Let us know the results of this test, because if it isn't the fuel cap then there's another fuel screen/filter in the system that we haven't found. 

On the old Ford tractors, there is normally a fuel screen attached to the shut-off valve that sits up vertically inside the fuel tank. I do not see this screen in your tank. Your tractor is a Shibaura-built (Japan). 

I also attached the parts diagram illustrating the pre-cleaner in the air intake, just to make you aware that it's there. These are not common to the old Fords.


----------



## PhilCod (Sep 16, 2013)

Ed,

Thanks for the info and the diagram.
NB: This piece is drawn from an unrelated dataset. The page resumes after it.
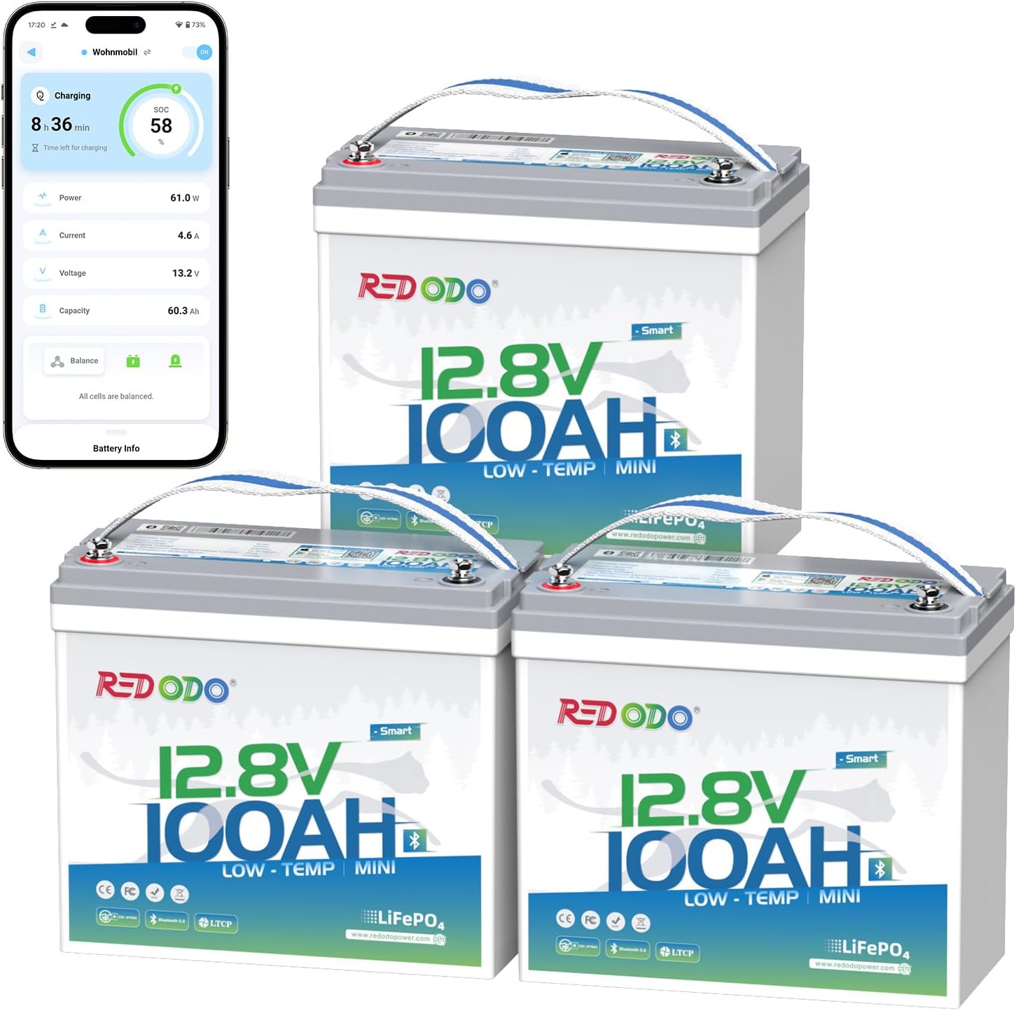 - 【ULTRA-RELIABLE ALL-ROUND SAFETY】The Redodo MINI 100Ah LiFePO4 battery, equipped with an upgraded 100A BMS, safeguards against overcharge, over-discharge, overcurrent, short circuit, and high temperature, while also featuring low-temperature protection. The 12V 100Ah MINI battery comes with a custom Redodo casing, a portable handle, IP65 rating, and a matte surface, effectively shielding your battery from dust and water splashes. Wherever you go, it serves as a reliable, portable, and safe companion.

I'll give it a try with the fuel cap off. 

One note, when it stops running I have unscrewed the bleeder valve to enusre it was getting fuel, and it was. I also took the fuel line off of the injector body to ensure fuel was flowing, and it was. Now it might not be flowing enough, and it could be the vent issue. 

Also, one other guy suggested a crank or cam sensor might be bad. 

I'll try running it with out the fuel cap and let you know what happens. I'll be out of town the next two days for work, but I'll give it a shot Thursday evening or Friday. 

Thanks again,

Phil


----------



## Ed_F (Jun 18, 2013)

OK, another thing that I have encountered is an obstruction (dirt) in the fuel line between the tank and the filter. If you can, pull this line off at the filter and see if you have GOOD flow from the tank. 

Flow it for a while into a clean bucket. A trickle flow is often not good enough to keep up. Remember, your pump is injecting fuel and circulating excess fuel back to the tank. If you have dirt in the line, you may have to clean the tank.

Additional note: As I stated previously, most (maybe all) of the older Fords have a fuel screen in the tank. It is attached to the shut-off valve and sits up vertically in the tank and is quite tolerant to dirt in the bottom of the tank (tank bottoms). Your tractor is a Shibaura-built (Japan). It may have a fuel screen in the tank. I do not see a screen in the fuel tank diagram. Just to make you aware of this possibility


----------